苏小小睡得正熟,鼻翼微微翕动,发出小猫似的呼噜声,脸颊红扑扑的,带着孩童特有的柔软。
林闲伸手,把她抱起来,动作很轻,像捧起一片羽毛。
很轻,轻得像抱着一团云,云里还裹着梦的余温。
走进屋里,放在床上,拉过被子盖好,被角掖得严实,遮住了她露在外面的小脚丫。
苏小小翻了个身,嘟囔了一句梦话,音节模糊,听不清内容,但嘴角翘了翘,像梦到了什么开心的事。
林闲走出屋子,站在屋檐下。
夜风拂过,竹叶沙沙作响,声音细碎连绵,像无数只蚕在啃食桑叶。
他抬头看天。
星空浩瀚,银河横贯,像一条碎钻铺成的长河,河水无声流淌,淹没了时间的刻度。
手指在袖中轻轻一捻,指尖触到空气,仿佛捏住了某种无形的丝线。
一道无形的涟漪从他指尖荡开,悄无声息地扩散,穿过竹林,竹叶微微颤动,露珠滚落,砸在泥土上,溅起细小的水花;越过山峦,山风停滞了一瞬,又继续吹拂;融入夜色,像墨滴入水,了无痕迹。
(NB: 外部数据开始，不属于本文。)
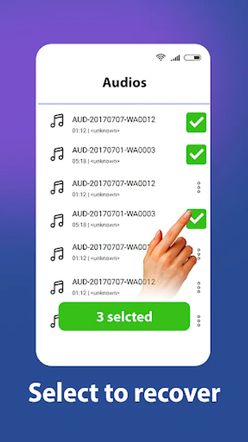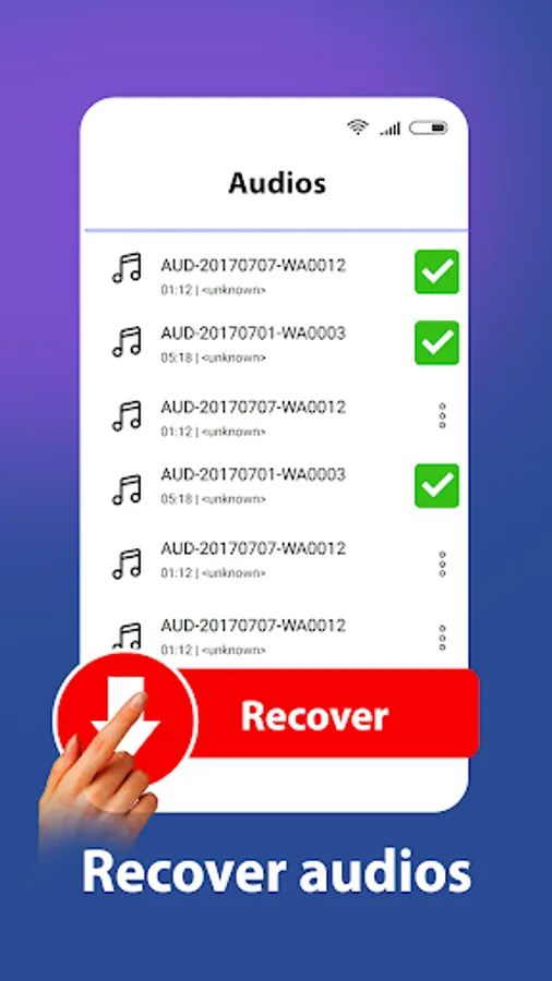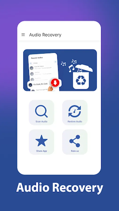 Deleted audio files from the SD card or phone memory (internal storage) (External storage)? Sometimes, unintentional actions cause us to lose crucial audio files. Delete call recording recovery app such files may contain significant or memorable moments that are significant to us. You can easily recover deleted audio files from internal and external storage with the help of the program audio recovery - Retrieve Deleted Audio Recordings. With the audio recovery option, it will assist you in recovering those files. The audio recovery option will aid in your ability to recover those files which are deleted from your phone. An audio recovery app can recover deleted audio files if someone is having trouble finding the best audio recovery program. With the help of the call recording recovery app for Android, you can recover your enormous amount of audio data. You don't have to root your phone. With the best call recording recovery app for Android, recover a large amount of data. You can skip unnecessary and unwanted files from recovery if you don't want to. It can help you recover deleted audio from your phone storage or external storage. You can preview the deleted audio before restoring them. Are you frustrated by accidentally deleting audio files? Do you want to recover deleted audios quickly? Simply install this app called "Deleted Audio Recovery" and create a backup of all your audio files. Once you install this Audio Recovery Software - restore audio files from phone internal storage app, any audio file that gets deleted from your phone can be retrieved using the "Restore Deleted Audios" feature within this audio recovery app. With the "Deleted Audio Recovery" app, you can perform a deep scan of all the audios on your Android device, create a backup of them, and restore them in case of accidental deletion. This audio recovery app is an incredibly useful tool to ensure the safety of your audios from accidental deletion. The "Restore Audio Files from Phone Internal Storage" feature of this app can recover audios of various formats. What sets this "Restore Deleted Audios from Phone" app apart is its ability to selectively recover and restore only the audios that you want, while leaving out any useless or unwanted audios.

涟漪扫过整个青云山脉,山脉在沉睡中呼吸,灵气如潮汐般起伏。
山脉深处,那口古井的封印符文微微一亮,青石板上刻着的古老纹路泛起银光,光晕流转三圈,随即隐没,像被什么力量抚平。
更远处,青石镇方向,三个被救孩童的家中,残留的邪气被涟漪拂过,化作青烟消散,烟丝扭曲着升空,在触及月光时彻底湮灭,连一丝气味都没留下。
做完这些,林闲打了个哈欠,眼角渗出一点生理性的泪水,他用袖子擦了擦,动作随意得像拂去灰尘。
回屋,关门,躺下,睡觉,一气呵成,没有半分犹豫。
呼吸很快平稳,与夜风的节奏重合。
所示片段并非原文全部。